In practice, the protocols that appear strongest today are getting clearer about economic logic. Hyperliquid is being rewarded for a tighter and more automated value accrual model. Uniswap continues to face pressure around how governance and token value capture should connect more concretely. Optimism is moving toward using a meaningful portion of incoming Superchain revenue for OP buybacks. And tools like Valueverse are emerging around the idea that raw onchain data is not enough on its own; what increasingly matters is how revenue flows, value drivers, and economic tradeoffs are interpreted.

These are not peripheral governance questions. They are core operating questions.

Where current governance framing falls short

A surprising amount of DAO discourse still frames governance primarily as a participation layer. The focus remains on discussion, signaling, voting, and community process. Those things are part of governance, but they are not the whole of it.

The problem is that many DAOs still behave as if governance is mostly about participation, commentary, and visible activity, when in reality they are governing economic systems. They are making decisions about capital allocation, contributor incentives, sustainability, and value distribution. That is closer to running a business than hosting a forum.

This does not mean DAOs should become more bureaucratic for its own sake. It means governance needs to become more rigorous about diagnosis, prioritization, and accountability.

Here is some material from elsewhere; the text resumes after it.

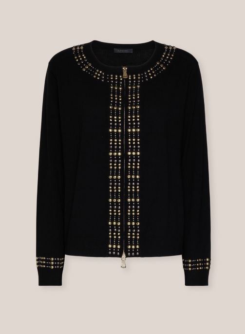 Укороченный кардиган с круглым вырезом из мягкой эко-вискозы. Застежка на молнию, аппликация горячей фиксации. Можно сочетать с бесшовной блузкой в комплекте для полноценного яркого образа.

What stronger DAO operating discipline looks like

DAOs need to get stronger at:

  • defining real problems

  • connecting governance to revenue and value accrual

  • making treasury and capital allocation decisions with business logic

  • evaluating tradeoffs clearly

  • holding contributors and decision-makers accountable

  • translating raw onchain data into interpretable strategic decisions

The hard part is rarely deciding whether a DAO is “community-led” or “business-like.” That framing is usually too simple. The real challenge is building governance systems that preserve legitimacy while also supporting economically coherent execution.

The next phase of DAO maturity

In that sense, the next phase of DAO maturity is probably not more participation for its own sake. It is better operating discipline.

The protocols that figure this out will likely be the ones that can sustain value, allocate resources more intelligently, and make governance feel less like theater and more like stewardship.

A more useful question for DAO teams now may be this: are you governing a community, or are you governing an economic system that needs sharper discipline than your current processes can support?